Certainly, let’s dissect this further.

The crux of policy gradient methods is to adjust the policy based on the trajectory of the agent in an episode, specifically through the sequence of states, actions, and rewards experienced. The key insight here is that while the rewards and loss might be aggregated over an episode, the gradient of the loss with respect to the network’s parameters inherently carries information about the individual state-action pairs.

Here’s how:

• Gradient Computation: When we call loss.backward(), PyTorch computes the gradients for every parameter in the network based on the loss value. These gradients tell us how each parameter should be adjusted to minimize the loss.
• Trajectory Information: The loss is a sum over the log probabilities of actions taken in every timestep, each weighted by its corresponding return. When we compute the gradient of this summed loss, the gradient inherently considers every term in the sum, effectively considering every state-action pair in the trajectory.
• Adjusting Probabilities: Suppose, in a particular state, an action was taken that led to a high return. The log probability of this action will be weighted by this high return in the loss. When computing the gradient, the parameters of the network that contributed to this action’s probability in this state will have gradients that encourage increasing this action’s probability in future episodes. Conversely, if an action in a state resulted in a low return, the gradient will encourage decreasing this action’s probability.
• Parameter Update: Once we have these gradients, optimizer.step() adjusts each parameter based on its gradient. This means parameters that influenced action probabilities in states leading to high returns will be adjusted to increase those probabilities, and vice versa.
• Aggregation: The reason for aggregating (summing) the rewards and losses is computational efficiency and alignment with the REINFORCE algorithm. By computing a single scalar loss value for the entire episode and then computing gradients based on this, we effectively backpropagate the outcome of the entire episode through the trajectory of state-action pairs.
• Why Not Update After Every Step?: In theory, we could compute a separate loss for each state-action pair and update the network after every step. However, this would be computationally inefficient. Also, policy gradient methods like REINFORCE rely on the idea of adjusting the policy based on the cumulative future reward (return) from each state, which inherently requires considering the full trajectory (or at least the trajectory from a state to the end of an episode).

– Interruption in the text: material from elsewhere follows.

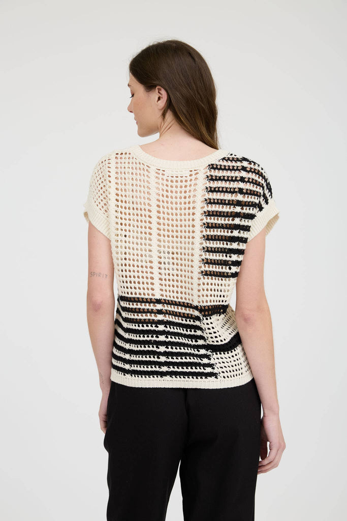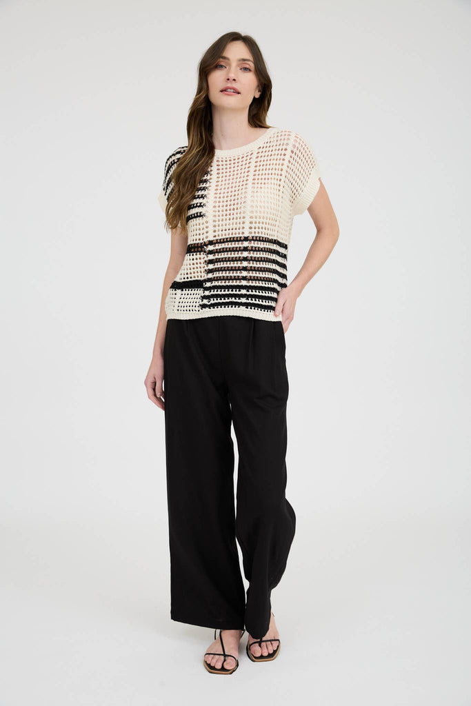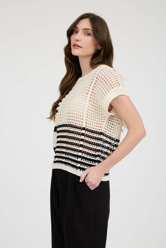 Stay effortlessly cool in this sheer crochet knit pullover sweater. Featuring a classic round crew neckline, short sleeves, and extended shoulders, this lightweight top is designed for a relaxed, easy fit. The black and ivory stripe pattern keeps it neutral and versatile, perfect for layering over a tank, bralette, or swimsuit. Made from 100% cotton, it’s breathable, soft, and ideal for warm-weather days.

To summarize, even though the rewards and losses are aggregated, the gradient computation inherently takes into account each state-action pair’s contribution to the loss. Thus, the learning process does differentiate between different states and actions and adjusts the policy appropriately.

You:

ok, so policy(state) call , is forward step, and it knows all the state transitions (because it knows every state we visited)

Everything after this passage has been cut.